Wednesday, March 18, 2015

Understanding SQL's Null

 

Tony Hoare invented the null reference in 1965, and he considers it his "billion-dollar mistake" for the amount of trouble it has caused. Even today, SQL's null value is the cause of several common mistakes.

Let’s go over the most egregious.

Equals Null

These two queries return the exact same result on a users table with many rows:

select * from users where deleted_at = null;
-- result: 0 rows

select * from users where deleted_at != null;
-- result: 0 rows

How can that be? It's because null represents an "unknown" type. This means it doesn't make sense to compare null to anything else with normal conditional operators. Null isn't even equal to itself:

select null > 0;
-- result: null

select null < 0;
-- result: null

select null = 0;
-- result: null

select null = null;
-- result: null

The right way to compare values with null is with the is, and is not operators:

select * from users 
where deleted_at is null;
-- result: all non-deleted users

select * from users
where deleted_at is not null;
-- result: all deleted users

If you want to check if two columns are different, you can use is distinct from:

select * from users
where has_address is distinct from has_photo
-- result: users with an address or
-- photo, but not both

Not in Null

One handy way to filter rows is with a subselect. For example, if you wanted the userswho did not have any packages, you could write a query like this:

select * from users 
where id not in (select user_id from packages)

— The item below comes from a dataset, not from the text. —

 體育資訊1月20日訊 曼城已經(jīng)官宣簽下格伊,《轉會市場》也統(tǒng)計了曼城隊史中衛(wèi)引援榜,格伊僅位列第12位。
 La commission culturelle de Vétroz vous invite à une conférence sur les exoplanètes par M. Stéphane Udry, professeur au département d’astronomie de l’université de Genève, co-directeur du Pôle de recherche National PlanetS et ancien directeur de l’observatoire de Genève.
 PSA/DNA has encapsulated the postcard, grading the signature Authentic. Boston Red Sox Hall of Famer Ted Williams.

But if one of the rows in packages has a null user_id, this query will return no results! To understand why this happens we need to factor the query like the SQL compiler does. Here's a simpler example:

select * from users 
where id not in (1, 2, null)

Which translates to:

select * from users 
where id != 1 and id != 2 and id != null

As we now know, id != null is an unknown value, null. Using and on any value withnull becomes null, so all of the other and conditions fall away. No rows match the resulting query since null is not equal to true.

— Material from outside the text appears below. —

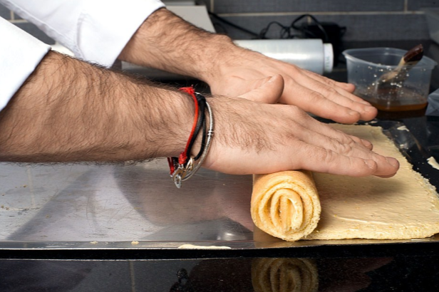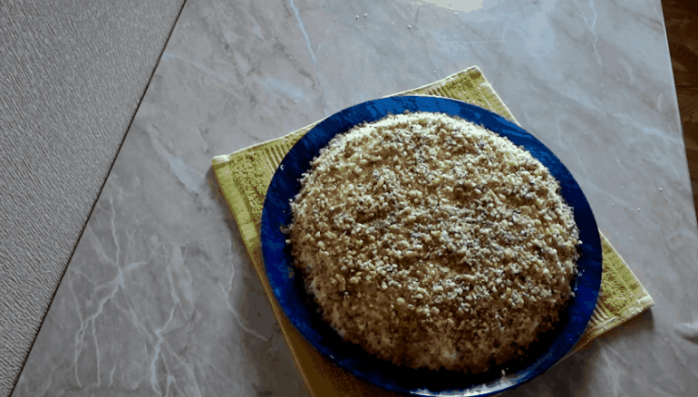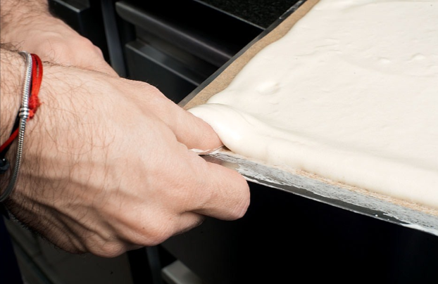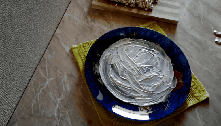 Разложить тесто на пергаменте, толщиной 1 см. Выпекать при t 190 гр., пять минут. Затем накрыть пленкой и поставить остывать.

If the condition is inverted, the query works fine. This time we'll look for users withpackages.

select * from users 
where id in (select user_id from packages)

Which we can simplify for the example:

select * from users 
where id in (1, 2, null)

This query translates to:

select * from users 
where id = 1 or id = 2 or id = null

Since the where clause is a list of or conditions, it doesn't matter that one of them is null. That condition is simply ignored because non-true values do not change the evaluation of the rest of the clause.

Sorting Nulls

When it comes to sorting, nulls are considered the largest possible value. This can lead to some frustrating queries when trying to sort values descending, since all the nulls will be on top.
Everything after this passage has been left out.